On Wed, Sep 9, 2015 at 10:18 PM, John Cowan <xxxxxx@mercury.ccil.org> wrote:
Alex Shinn scripsit:

> Two dynamic perfect hash algorithms are Dietzfelbinger et al's
> algorithm [1] and the Cuckoo hash [2].  Both of these have
> additional restrictions on the load factor in order to get even
> _expected_ amortized constant time insertions.  This conflicts with
> implementation extensions to specify the load factor explicitly.

I would assume that a cuckoo-based framework (I haven't read D's paper)
would simply ignore such extensions.  But cuckoo hashing needs more
than one hash function in any case, so it doesn't fit the general
69/125/126/R6RS/CL hash framework.

1.  Since we give leeway to replace the hash function in special
cases, and since the function is never exposed, there's no reason
we can't replace it with 2 or more functions.

2. I realize now that the SRFI-114 hash functions are severely
underspecified for use in this SRFI - they need to produce values
suitable for any number of buckets, but the range is unspecified.
R6RS hash-tables are similarly underspecified, but SRFI-69 does
not have this problem because it uses an explicit `bound' argument.

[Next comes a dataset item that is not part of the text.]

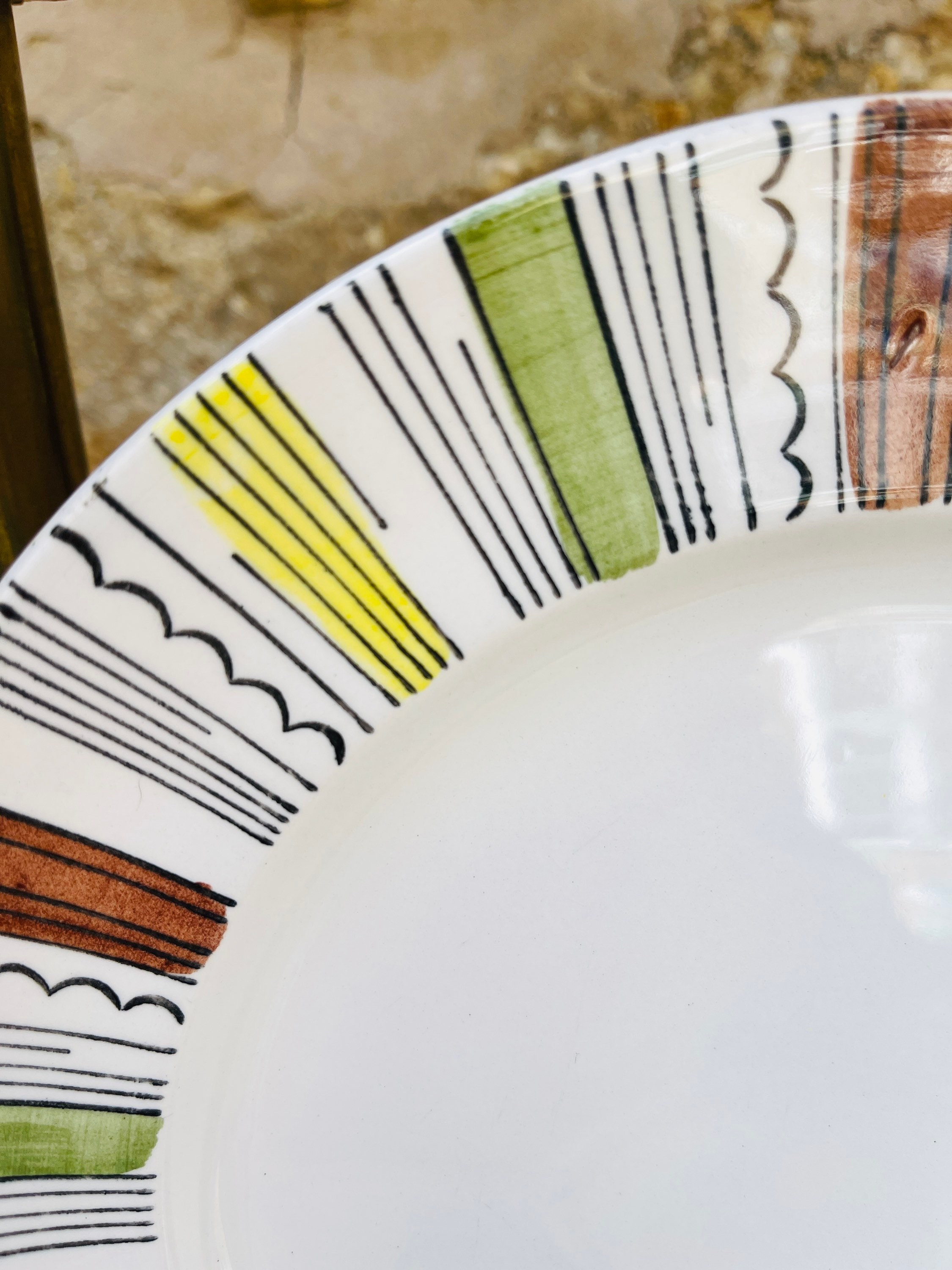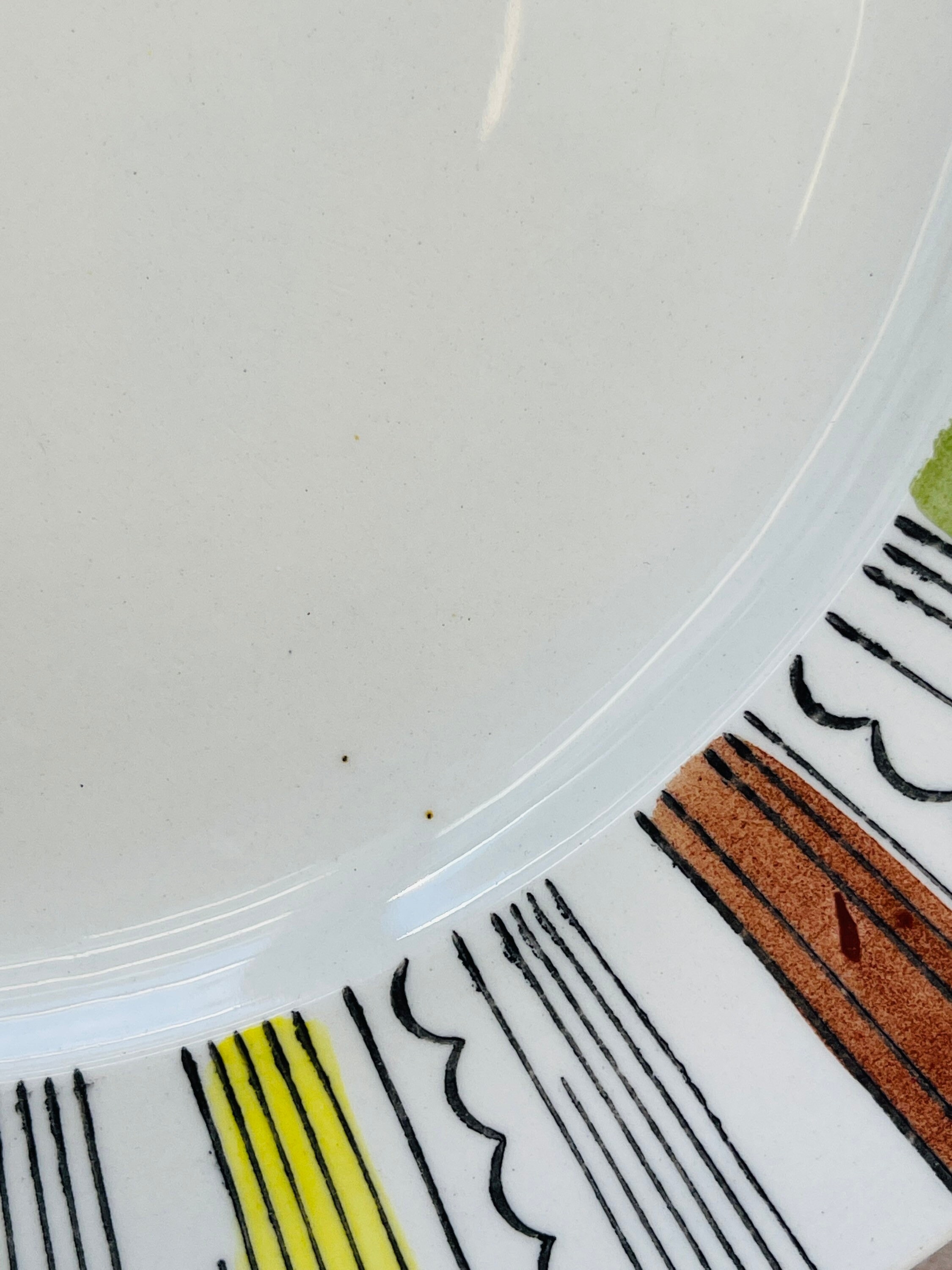 Kathie Winkle Mandalay Pattern Dinner Plate for Broadhurst Pottery - bold 1960s abstract linear design in green, yellow and brown.

If we don't add a bound argument, we should specify the range of
hash functions to be at least the largest imaginable number of
buckets in an application.  On 32-bit architectures this may in fact
exceed the max fixnum, though we could alleviate this by allowing
negative results as in Java.

In either case we have room for extra information which can be
used to derive multiple hash values from the initial result, making
cuckoo hashing a realistic option.

Another consideration is a "salt" argument to the hash functions
to be mixed in with the result, which is one way to avoid the
hash collision DoS attack.  This would also effectively allow an
arbitrary number of hash functions, which is useful for more
than just cuckoo hashing (double hashing).

-- 
Alex